Sody - Licious ... 1930s


----------



## SODAPOPBOB (Oct 29, 2010)

Southern Delight ... No info ... Is that all you Southern folks do is sit around and "stir up" brew?  I bet you stir up some trouble along the way too.  Lol


----------



## SODAPOPBOB (Oct 29, 2010)

Spiffy ... 1930s-40s ... Sold e-bay 4-10 @ $65.00. You just gotta love this little guy.


----------



## SODAPOPBOB (Oct 29, 2010)

Sport ... No info ... Everybody loves a champion.


----------



## SODAPOPBOB (Oct 29, 2010)

Texas Punch ... No specific info other than this "Texas" brand is from Pennsylvania ... Go figure?  Lol


----------



## SODAPOPBOB (Oct 29, 2010)

Thumbs Up ... Sold e-bay 10-10 @ $50.00 ... I should have saved this one for last because this is the sort of review I hope to get on this thread.  Lol


----------



## SODAPOPBOB (Oct 29, 2010)

Trick-R-Treat ... Illinois ... No info but fits right in with Halloween which is this coming Sunday ... "BOOoooooo"  [>:]   Lol


----------



## SODAPOPBOB (Oct 29, 2010)

Varsity ... 1930s thru 1950s ... Sold e-bay 12-08 @ $25.00. This is my third favorite cap next to the Kiss and Polar Ginger Ale. Another true work of art.


----------



## SODAPOPBOB (Oct 29, 2010)

Welch's ... Grape Juice ... With my good friend "Howdy Doody."  I was born in 1952 and remember him well.


----------



## SODAPOPBOB (Oct 29, 2010)

Wink ... Canada Dry Product ... Remember, this is a bottle site and not a dating site!  Lol


----------



## SODAPOPBOB (Oct 29, 2010)

Wise Up ... No info but this is something my dad used to say to me (a lot). Hmmm ... I wonder what he meant?


----------



## SODAPOPBOB (Oct 29, 2010)

This is the last one. And it's not even a soda bottle cap. But a beer. I post it here because it was the most valuable cap I came across. I'm not sure what's so special about it, but there must be something. I'm sure it must be very old, and possibly even one of the 1900s caps I have been looking for and which started this whole thing in the first place.

 Thanks for stopping by.

 Have a great Halloween!

 SODAPOPBOB 

 Gratzer Poland Beer ... Sold e-bay 7-08 @ $300.00


----------



## SODAPOPBOB (Oct 29, 2010)

Gee ... I almost forgot the most important one. And although not my favorite, it's possibly one of the earliest ones around.

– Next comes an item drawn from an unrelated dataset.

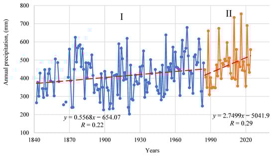 Trends in average annual precipitation. Changes in the amount of precipitation in Odesa are shown in Figure 4. For comparability with trends in average annual temperatures, the time series of average annual precipitation is also presented for two similar periods.

 Moxie ... With it's founder Augustin Thompson. Moxie started as a nerve tonic in 1876. I'm still researching this cap, and hope it turns out to be from the late 1890s, or very early 1900s.


----------



## green dragon (Oct 30, 2010)

> ORIGINAL:  SODAPOPBOB
> 
> Heart-O-Orange ... Sold e-bay 3-10 @ $50.00 ... Another of my favorites.


 
  I have the bottle that fits on .. hmmm..... 

  Interesting the prices caps are bringing, I've been thinking of starting a cap collection myself, - take up less room, easy to display on the wall, etc - my ex g/f  thought the bottles were better then the caps when we talked on it  " might as well have the bottle, more interesting ".. I'm not sure. 

  Used to find caps all over around here, now  that I want em all dried up ( or most likely rusted away in NY acid rain soil ) . 

  ~ AL 

  ( not been posting much but did dig last week, found a few goodies, too , pics sometime, promise, lol )


----------



## morbious_fod (Oct 30, 2010)

> ORIGINAL:  SODAPOPBOB
> 
> Lonesome Pine ... Member Morbious_fod knows all about this one.  []


 
 Yeah because I lost it to someone else. Grrrrr. LOL!


----------